"""
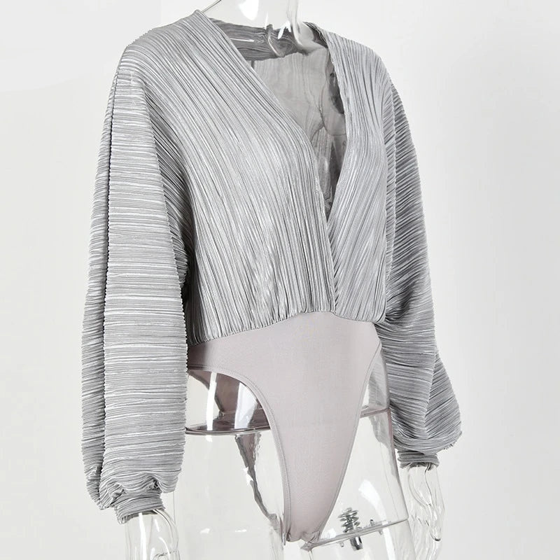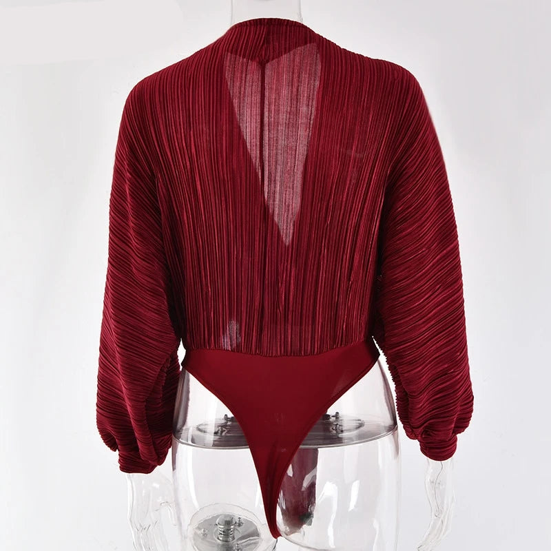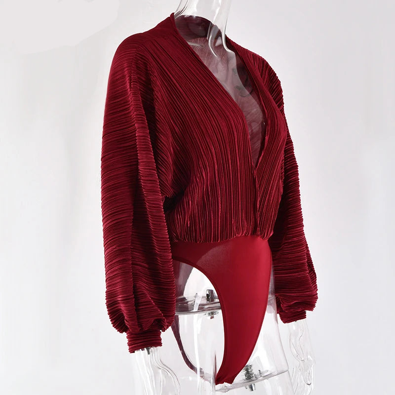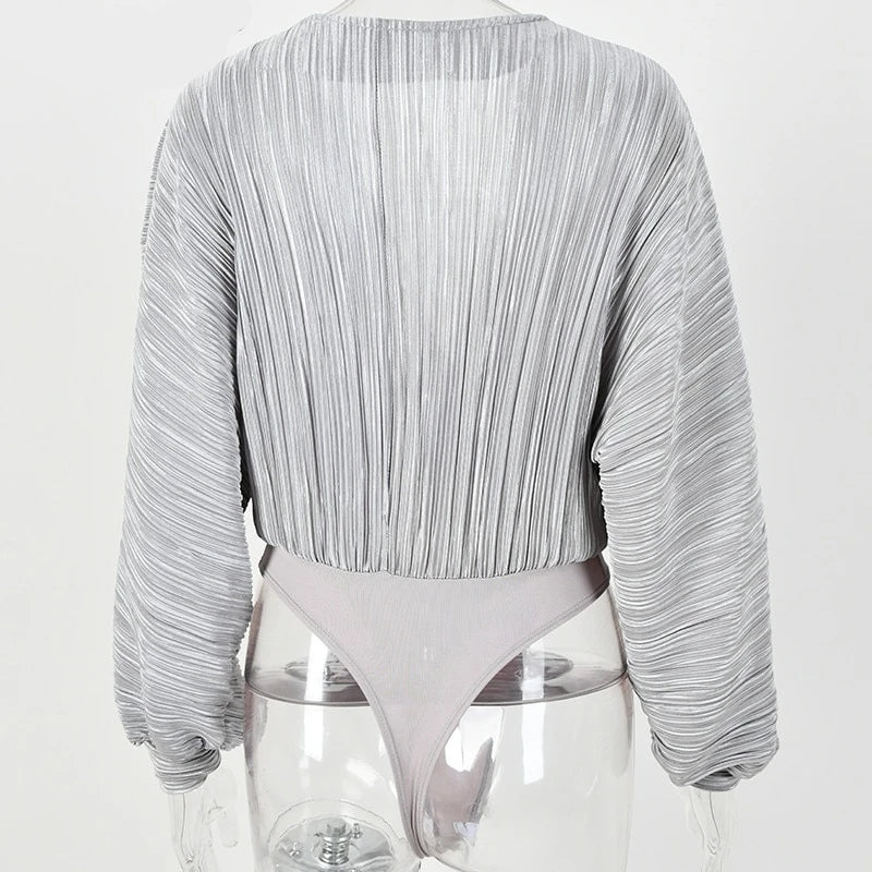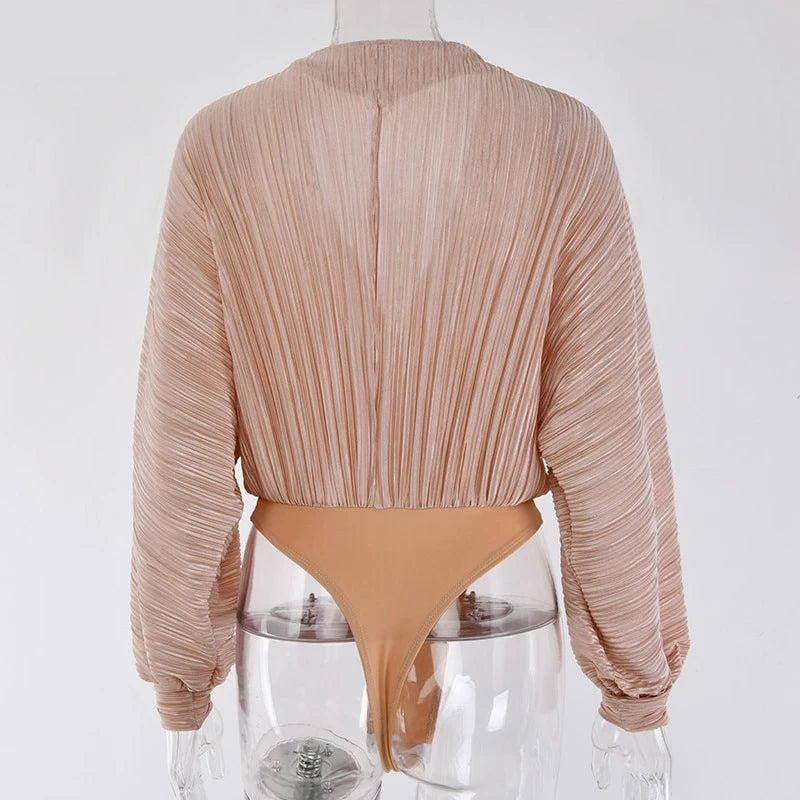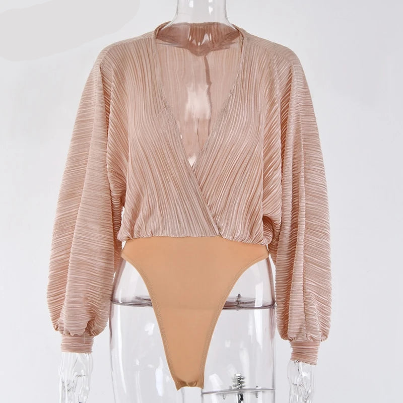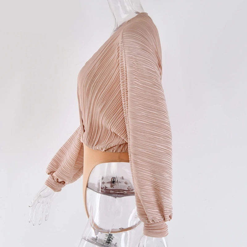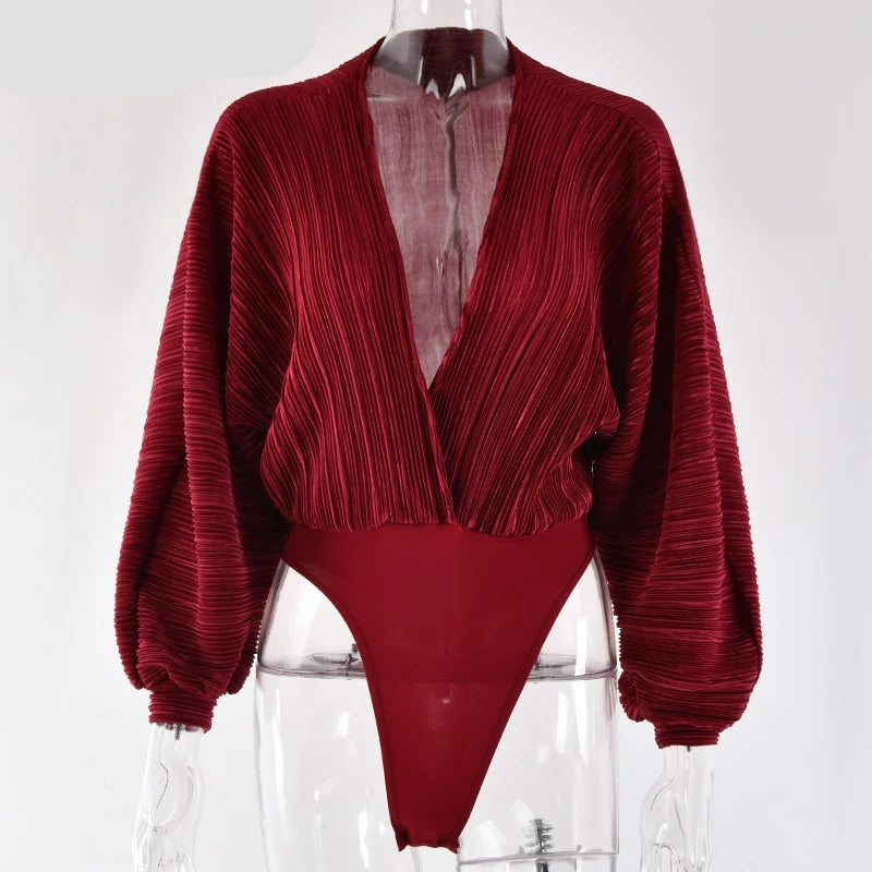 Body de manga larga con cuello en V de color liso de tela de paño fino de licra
"""
"""
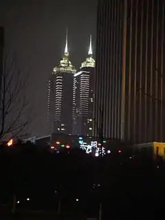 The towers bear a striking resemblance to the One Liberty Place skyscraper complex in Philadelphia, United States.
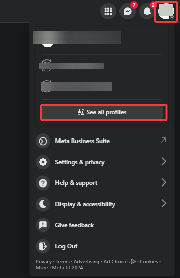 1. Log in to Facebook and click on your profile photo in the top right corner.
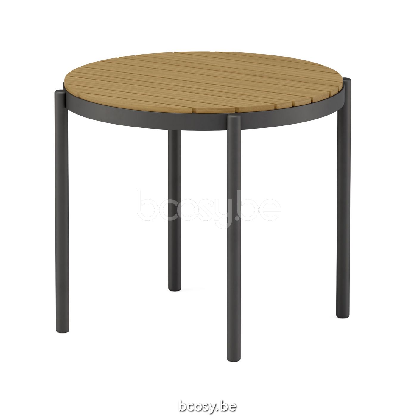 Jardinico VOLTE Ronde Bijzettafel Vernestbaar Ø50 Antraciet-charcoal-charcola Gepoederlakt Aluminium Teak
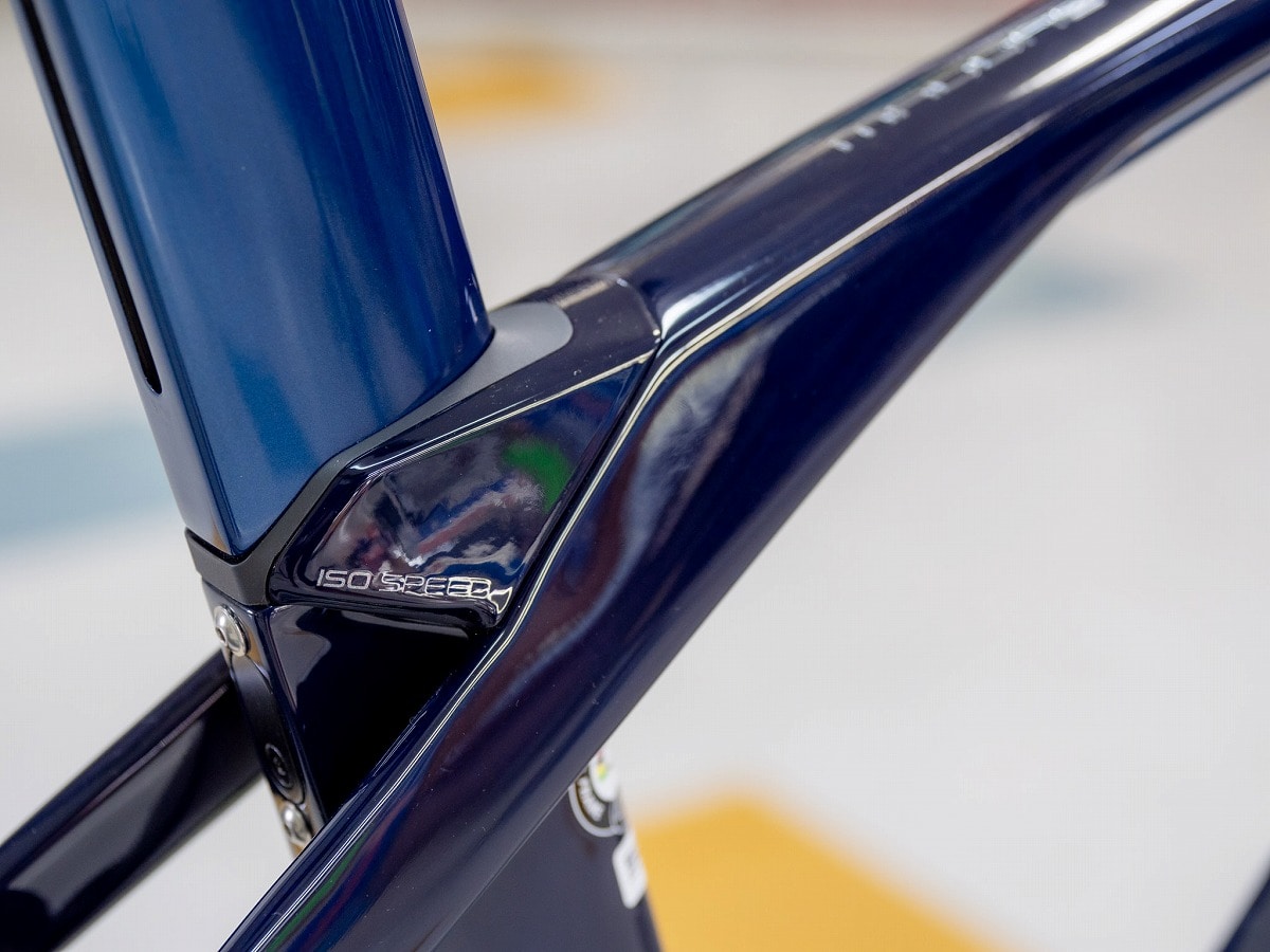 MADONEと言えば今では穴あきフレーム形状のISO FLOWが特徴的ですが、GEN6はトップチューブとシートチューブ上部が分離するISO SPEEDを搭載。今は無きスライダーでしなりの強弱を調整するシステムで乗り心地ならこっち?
"""
TASK OBJECTIVE:
Copy only these lines from the records above, exactly: the one with "The towers bear", the one with "Jardinico VOLTE Ronde", and those between. Skip the pictures.

ANSWER BOX:
 The towers bear a striking resemblance to the One Liberty Place skyscraper complex in Philadelphia, United States.
 1. Log in to Facebook and click on your profile photo in the top right corner.
 Jardinico VOLTE Ronde Bijzettafel Vernestbaar Ø50 Antraciet-charcoal-charcola Gepoederlakt Aluminium Teak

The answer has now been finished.